- **Exercise brief**: Exactly as written, print the lines from the top of the listing through the line containing "Motiv av Gustav"; include no pictures.

- **Material provided**:
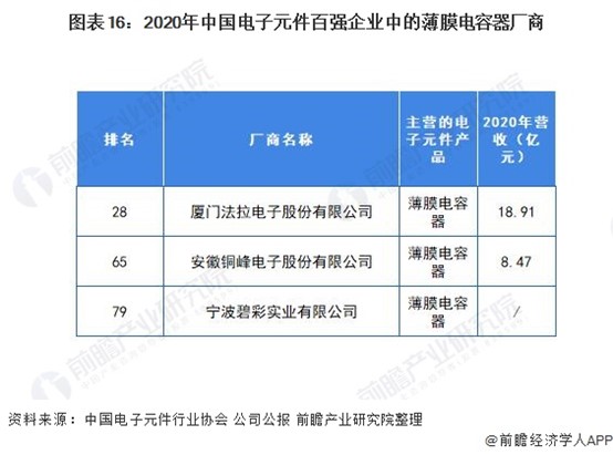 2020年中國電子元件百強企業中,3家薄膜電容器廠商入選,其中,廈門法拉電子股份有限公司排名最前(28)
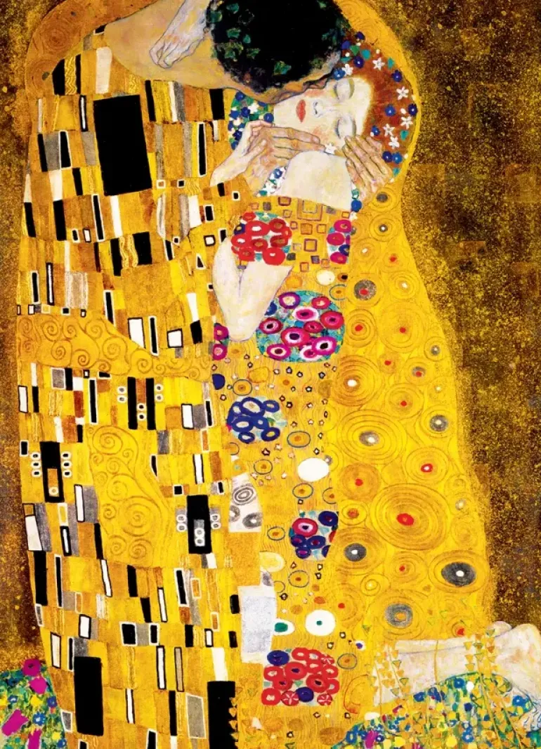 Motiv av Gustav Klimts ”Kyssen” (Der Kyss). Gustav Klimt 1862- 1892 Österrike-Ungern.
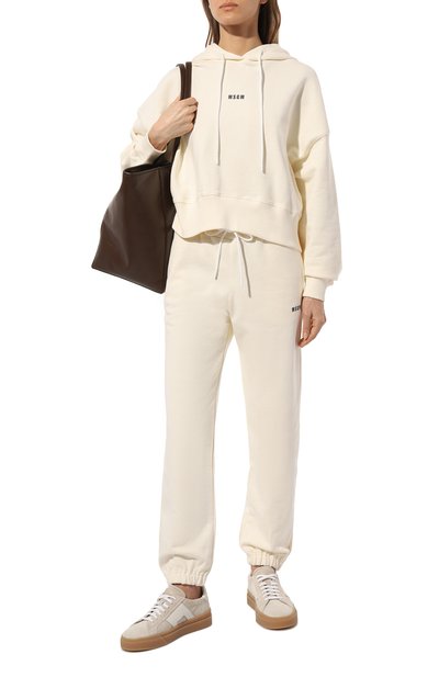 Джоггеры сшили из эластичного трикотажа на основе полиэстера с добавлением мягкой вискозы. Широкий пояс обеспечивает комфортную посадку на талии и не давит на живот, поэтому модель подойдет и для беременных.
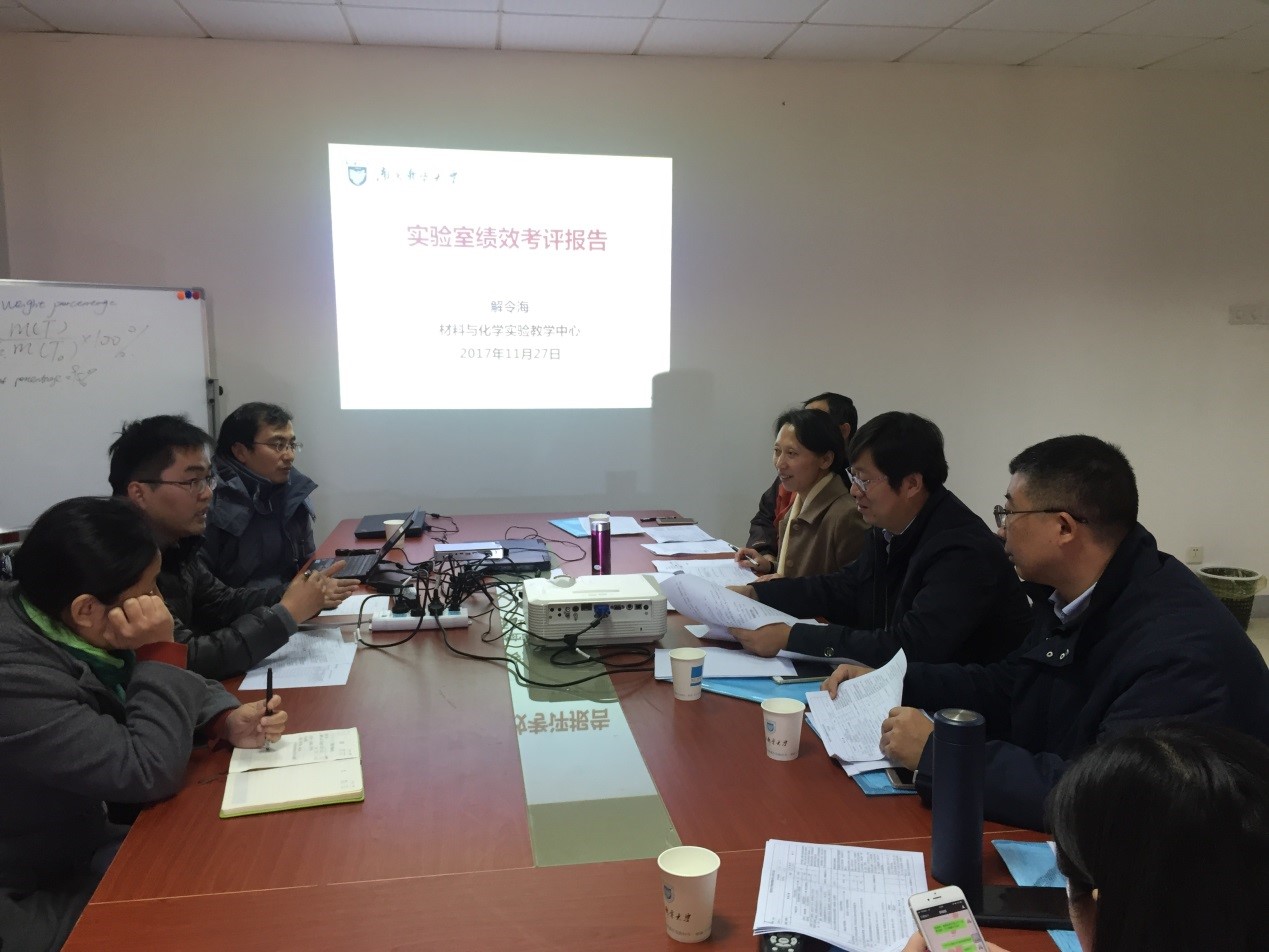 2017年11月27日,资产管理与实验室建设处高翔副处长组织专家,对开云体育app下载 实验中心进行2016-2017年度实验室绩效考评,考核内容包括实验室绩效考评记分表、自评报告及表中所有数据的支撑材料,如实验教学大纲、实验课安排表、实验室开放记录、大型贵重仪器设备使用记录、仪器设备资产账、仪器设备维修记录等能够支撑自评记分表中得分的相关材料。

- **Written solution**:
 2020年中國電子元件百強企業中,3家薄膜電容器廠商入選,其中,廈門法拉電子股份有限公司排名最前(28)
 Motiv av Gustav Klimts ”Kyssen” (Der Kyss). Gustav Klimt 1862- 1892 Österrike-Ungern.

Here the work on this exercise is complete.